- Developer: Gameloft Brisbane
- Publisher: Gameloft
- Series: The Oregon Trail
- Platforms: Apple Arcade Microsoft Windows Nintendo Switch Nintendo Switch 2 PlayStation 4 PlayStation 5 Xbox Series X|S
- Release: 2021
- Genres: Strategy, Adventure, Simulation
- Mode: Single-player

= The Oregon Trail (2021 video game) =

The Oregon Trail is a video game developed by Gameloft Brisbane and published by Gameloft released in 2021. It is a complete remake of The Oregon Trail from 1985.

The game was initially released on Apple Arcade, then later on Nintendo Switch, PC, PlayStation and Xbox. It was released as a physical edition on the Nintendo Switch and PlayStation 5 in 2024.

Unlike most current Gameloft games, the game does not have micro-transactions and does not require a mandatory internet connection.

== Description ==
The player leads a group of pioneers on a journey across the American West, managing resources (food, equipment, health, morale, and hygiene) and making decisions in response to random events and the challenges of the terrain. This modernized version differs from previous entries by featuring a more developed narrative, with dialogue, longer scenarios, side quests, and a larger cast of playable characters. The gameplay includes survival and management activities such as hunting, fishing, and foraging, inventory management, and wagon maintenance, as well as mini-games. Several routes are available, some inspired by historical events, increasing the variety of playthroughs. The art direction combines pixel-art characters with 3D environments and modern visual effects, while the soundtrack blends country elements with retro sounds. The game also offers optional online events that require an internet connection, unlike the rest of the game.

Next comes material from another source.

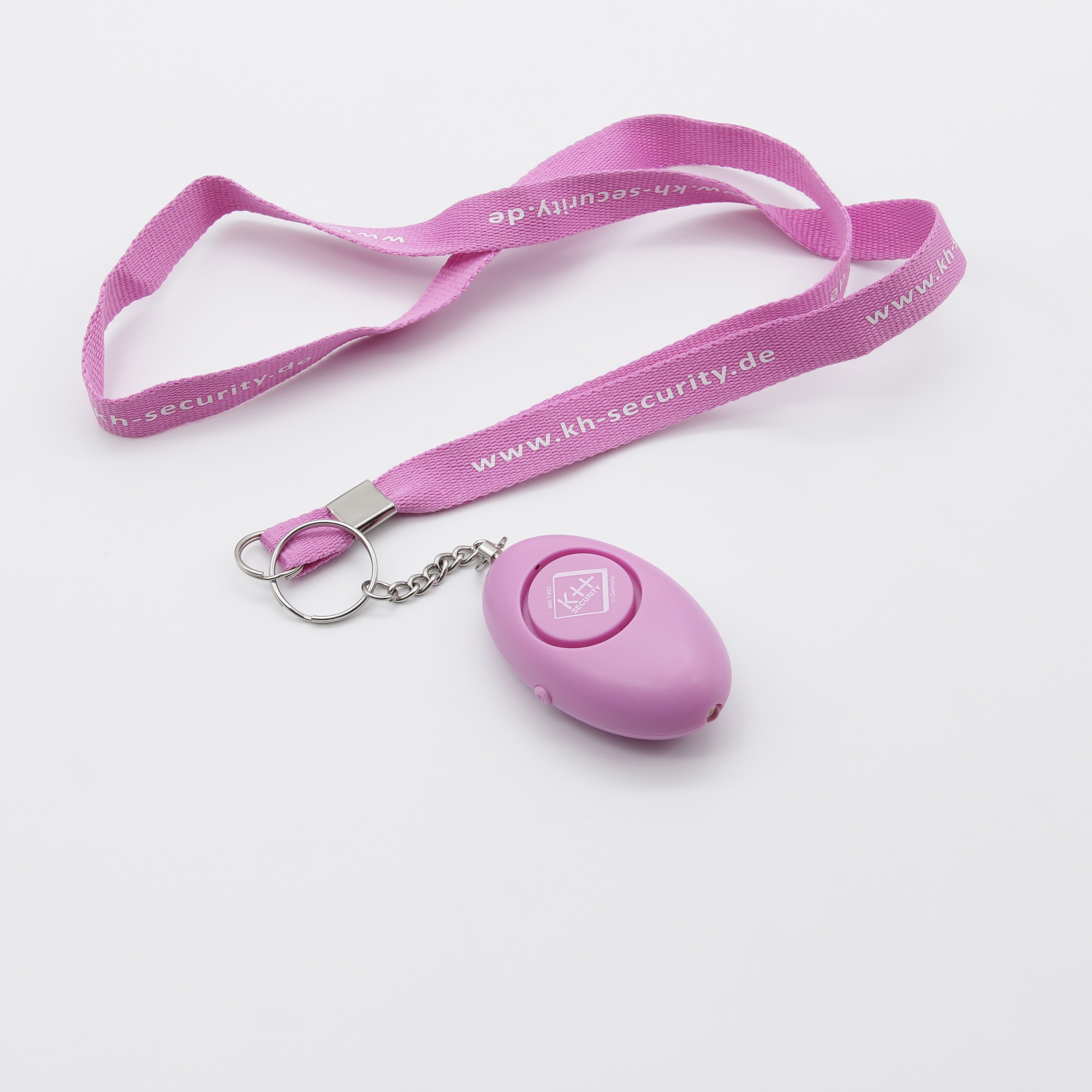 Durch das Umhängeband kann der kh-security Schlüsselalarm auch um den Hals getragen werden und eignet sich somit auch speziell für Kinder und Senioren.

== Reception and awards ==
The game received generally positive feedback. Critics noted that the remake places greater emphasis on Native American narratives and that player choices had a stronger impact on the course of the adventure, although some reviewers pointed out repetitivity over time.

It was the most downloaded game on Apple Arcade in 2021.

The game received several awards, including Best Narrative at the Pocket Gamer Mobile Games Awards 2021, Excellence in Mobile Games and Excellence in Ongoing Games at the Australian Game Developer Awards and best storytelling, best Original Game Soundtrack (composed by Pascal Dion and Nicolas Dube) and best Game Audio & Radio at the NYX Game Awards.